Professor Guan Jianping, Professor of Zhejiang Agriculture and Forestry University and head of tea culture discipline, takes tea as the breakthrough point to explore “the role of human beings in the diversity of terroir”. The development of tea culture is closely related to the change of human culture. From the most primitive way of utilization, it gradually changed into food and drinking, and with the migration of human beings, more varieties were evolved according to the environment, so different production areas have their representative tea species.
The round table in Spain was hosted by Paolo Basso, the world’s champion sommelier. We invited two Spanish wine pioneers, Peter Sisseck owner of Pingus winery, and Álvaro Palacios owner of Álvaro Palacios winery. Starting from the past of Spanish wine, the two winemakers shared their innovations in the brewing process. Taking their own wine as an example, they detailed how to use appropriate wine making methods to tap the maximum potential of Spanish grape varieties.
Gaia Gaja, the co-owner of Gaja winery, and Ian D’agata, opened part of our Italian evening.
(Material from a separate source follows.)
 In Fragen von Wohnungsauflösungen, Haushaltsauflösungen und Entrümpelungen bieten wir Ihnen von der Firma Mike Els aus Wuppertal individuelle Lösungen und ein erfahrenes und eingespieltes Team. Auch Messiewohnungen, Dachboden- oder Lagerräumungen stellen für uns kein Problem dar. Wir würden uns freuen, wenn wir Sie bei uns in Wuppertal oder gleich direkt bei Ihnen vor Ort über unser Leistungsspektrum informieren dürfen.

As a winery that promotes the production area of Barbaresco to the world, Gaia introduced the characteristics, similarities and differences of Barolo and Barbaresco wines, as well as the good years in recent ten years, so that we can have a more profound and comprehensive understanding of Gaja winery.
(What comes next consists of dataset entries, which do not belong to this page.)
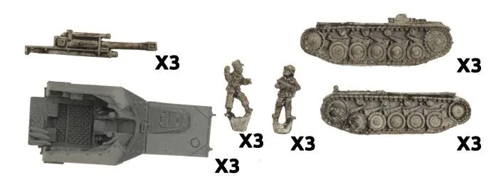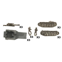 Wespe Artillery Battery (GBX132) includes three resin and metal Wespe Self-propelled Guns and one Unit card. The Wespe (Wasp) self-propelled howitzer first saw action at Kursk in 1943. Based on the reliable Panzer II chassis, the vehicle proved well suited for supporting armoured units. Its weapon was the standard 10.5cm leFH18 howitzer, which provided excellent artillery firepower to the panzer divisions they supported. The initial Wespe units had their first major engagement at Kursk and performed well in the initial phases suppressing the defending Russian troops as the Panzers rolled forward. These miniatures are supplied unassembled and unpainted
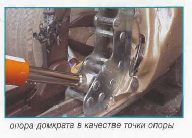 Теперь, под контролем, можно начать раздвижение домкрата. Необходимо внимательно следить за всеми точками опоры во время этой операции. Не следует забывать о постоянном контроле устойчивости автомобиля, немедленно выполняя все требуемые регулировки. Используйте клиновые блоки в раскрытии профильного надреза.
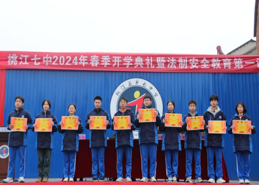 开学典礼上,学生代表刘锦涛认为,人不该因差距而胆怯,要与伙伴共同学习,一起成长。教师代表文赛红以茶叶为喻,娇嫩的鲜叶只有经过高温的烘烤炒制才能成茶,同学们只有通过持之以恒的奋斗才能成才。校长龚伟明回顾了七中过去一年的奋斗成果,勉励同学们在新学期刻苦学习,祝福同学们六月在七中圆梦。接着,业务副校长龚立群对上学期期末考试中取得优异成绩的学生进行了表彰。最后,德育副校长易平进行总结发言,强调了新学期安全防范工作,致力于创建平安和谐校园。
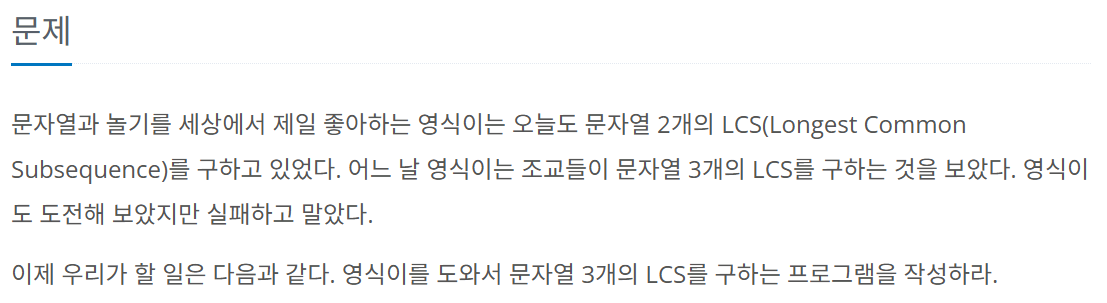 - LCS(Longest Common Subsequence, 최장 공통 부분 수열)문제는 DP를 사용하여 해결할 수 있다. 이 LCS 3 문제는 앞서 해결했던 LCS 문제를 바탕으로 해결할 수 있다. 자세한 설명은 아래 링크를 참조하자.

This is followed by a conversation between Ian D’agata and the young owner of Sassicaia, Priscilla Incisa della Rocchetta. Starting from the history of the winery, Priscilla shows us the style and features of Bolgheri and the soil and climate shaping the wine style. Meanwhile, it focuses on the Castiglioncello vineyard which the winery is proud of.
Hosted by Ian D’agata, a wonderful round table of Italy was presented. Giampiero Bertolini, CEO of Biondi Santi, Alessandro Bindoci, commercial director of IL Poggione, and Daniele Zeffirini, cellar director of Fuligni winery, attended. Based on grape varieties and terroir, they introduced the role of “Human” in the brewing process, and led everyone to understand the mystery of BDM and understand its beauty more deeply.
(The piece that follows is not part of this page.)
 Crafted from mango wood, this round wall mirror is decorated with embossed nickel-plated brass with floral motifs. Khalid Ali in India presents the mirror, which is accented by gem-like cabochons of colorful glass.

Finally, Mr. Thibault Liger Belair, owner of the famous Burgundy winery and chairman of the Association Internationale des Terroirs, gave us a wonderful closing speech. First of all, he expressed his gratitude to the organizer of this Symposium — Tastespirit, and all the participants, including excellent oenologists, scientists, experts and every audience. In his speech, he said: “this year is a difficult year, but because of this, we have been able to slow down, return to our origin, return to nature and the earth, and hope to go to the scene next year to participate in the event.”
In addition to the full-fledged International Seminar on Terroir, the highly anticipated Top Terroir Wineries for Grand Tasting was successfully held on November 29. More than 150 famous wineries and nearly 400 fine wines were gathered at the tasting. Senior wine lovers, industry buyers, sommeliers and catering managers of famous restaurants and hotels, as well as high-quality distributors and retailers from all over the country participated in the grand wine show.
In addition, 14 master classes hosted by winemakers and wine experts of the winery are also in progress. The representatives of wineries through the on-site connection, tasted with everyone and answered the questions on the spot.
Behind the grand scene of the symposium, there are busy working staff and volunteers. Thank them for their hard work and ensure the success of the symposium. Once again, thanks to all the guests, experts, winemakers, all the friends who came to attend the symposium, and all the staff, volunteers, sponsors and partners who have given their support to the symposium and its concept.